ASSIGNMENT:
Reproduce the listing below exactly, beginning with its first line and ending with the line that holds "MAIN BUILDING-COCO VIEW"; pictures are not part of the copy.

RECORDS FOR THE TASK:
"""
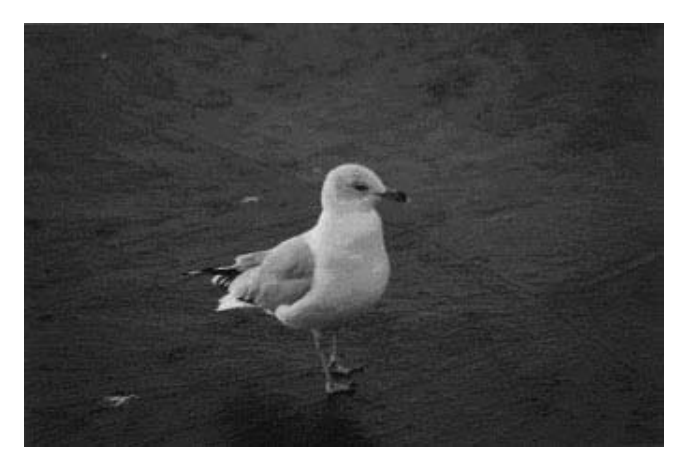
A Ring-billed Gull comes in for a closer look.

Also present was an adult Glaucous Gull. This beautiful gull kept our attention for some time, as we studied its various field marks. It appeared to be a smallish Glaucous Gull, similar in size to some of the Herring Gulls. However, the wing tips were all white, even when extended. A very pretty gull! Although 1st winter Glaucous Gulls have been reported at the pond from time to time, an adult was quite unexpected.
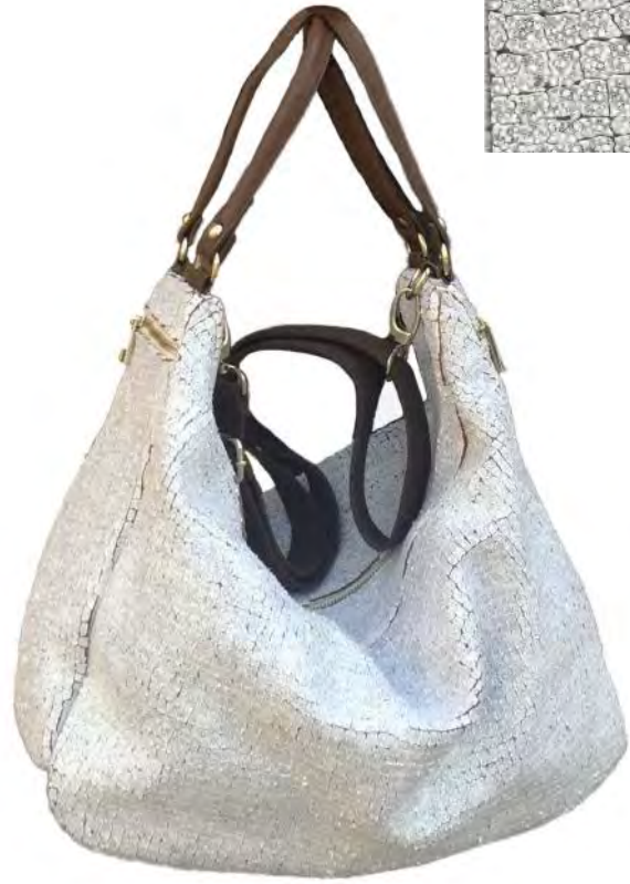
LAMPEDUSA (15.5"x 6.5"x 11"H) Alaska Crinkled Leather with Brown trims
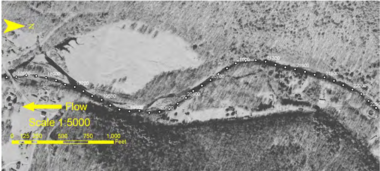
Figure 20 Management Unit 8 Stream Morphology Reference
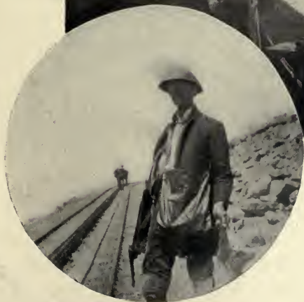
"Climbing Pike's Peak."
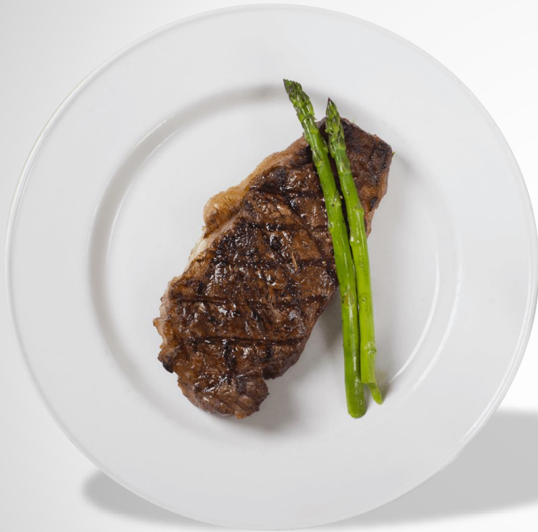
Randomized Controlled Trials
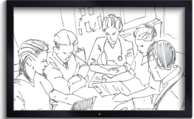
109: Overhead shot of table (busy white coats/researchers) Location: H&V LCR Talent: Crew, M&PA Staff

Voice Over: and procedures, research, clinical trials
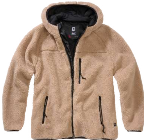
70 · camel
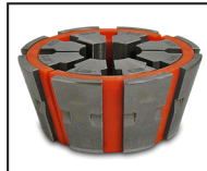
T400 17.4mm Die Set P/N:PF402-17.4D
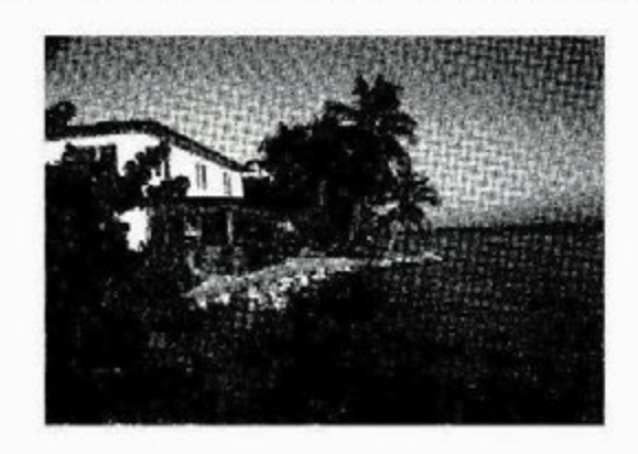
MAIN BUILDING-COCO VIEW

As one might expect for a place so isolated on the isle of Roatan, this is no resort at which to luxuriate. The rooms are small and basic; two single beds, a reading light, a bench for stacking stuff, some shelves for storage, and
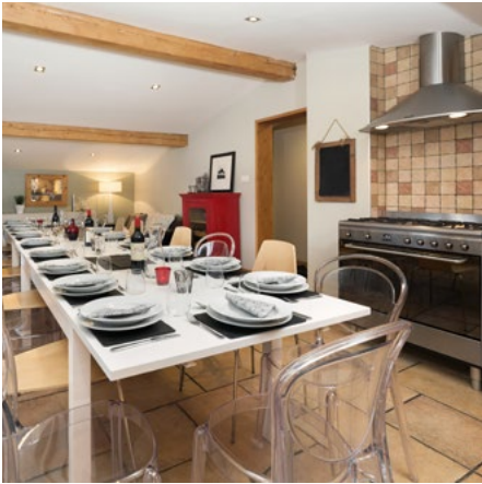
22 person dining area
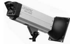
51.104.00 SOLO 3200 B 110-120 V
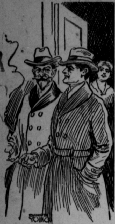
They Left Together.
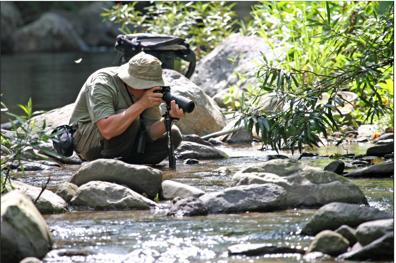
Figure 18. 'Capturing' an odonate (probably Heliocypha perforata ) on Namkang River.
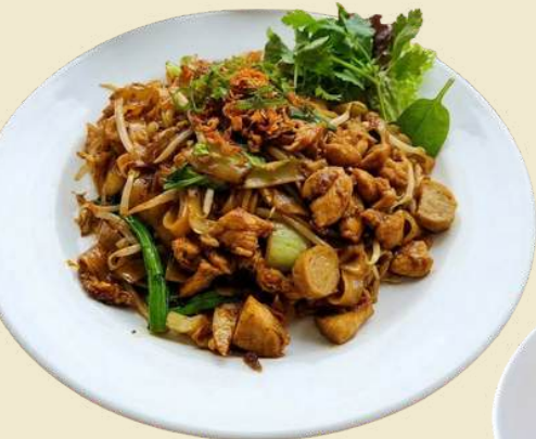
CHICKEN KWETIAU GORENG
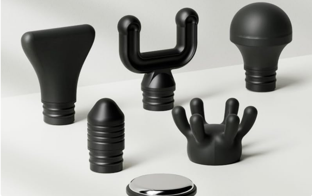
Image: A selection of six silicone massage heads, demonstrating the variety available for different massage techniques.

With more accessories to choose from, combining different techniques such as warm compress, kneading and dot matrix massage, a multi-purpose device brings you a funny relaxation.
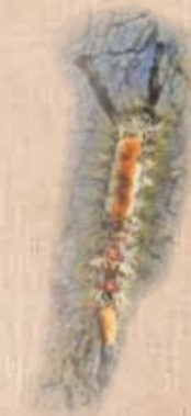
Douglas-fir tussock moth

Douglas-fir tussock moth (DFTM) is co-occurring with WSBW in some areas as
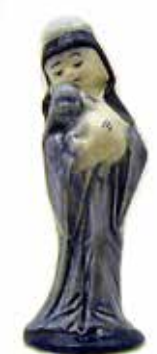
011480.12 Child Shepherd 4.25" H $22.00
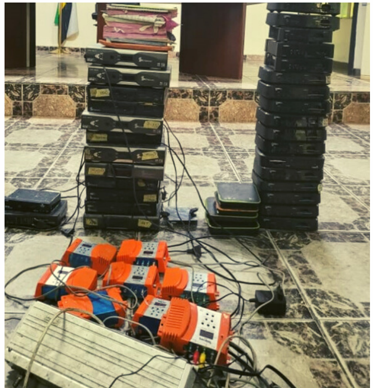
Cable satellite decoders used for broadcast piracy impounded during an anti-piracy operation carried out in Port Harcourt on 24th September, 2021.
"""
ANSWER AREA:
A Ring-billed Gull comes in for a closer look.

Also present was an adult Glaucous Gull. This beautiful gull kept our attention for some time, as we studied its various field marks. It appeared to be a smallish Glaucous Gull, similar in size to some of the Herring Gulls. However, the wing tips were all white, even when extended. A very pretty gull! Although 1st winter Glaucous Gulls have been reported at the pond from time to time, an adult was quite unexpected.
LAMPEDUSA (15.5"x 6.5"x 11"H) Alaska Crinkled Leather with Brown trims
Figure 20 Management Unit 8 Stream Morphology Reference
"Climbing Pike's Peak."
Randomized Controlled Trials
109: Overhead shot of table (busy white coats/researchers) Location: H&V LCR Talent: Crew, M&PA Staff

Voice Over: and procedures, research, clinical trials
70 · camel
T400 17.4mm Die Set P/N:PF402-17.4D
MAIN BUILDING-COCO VIEW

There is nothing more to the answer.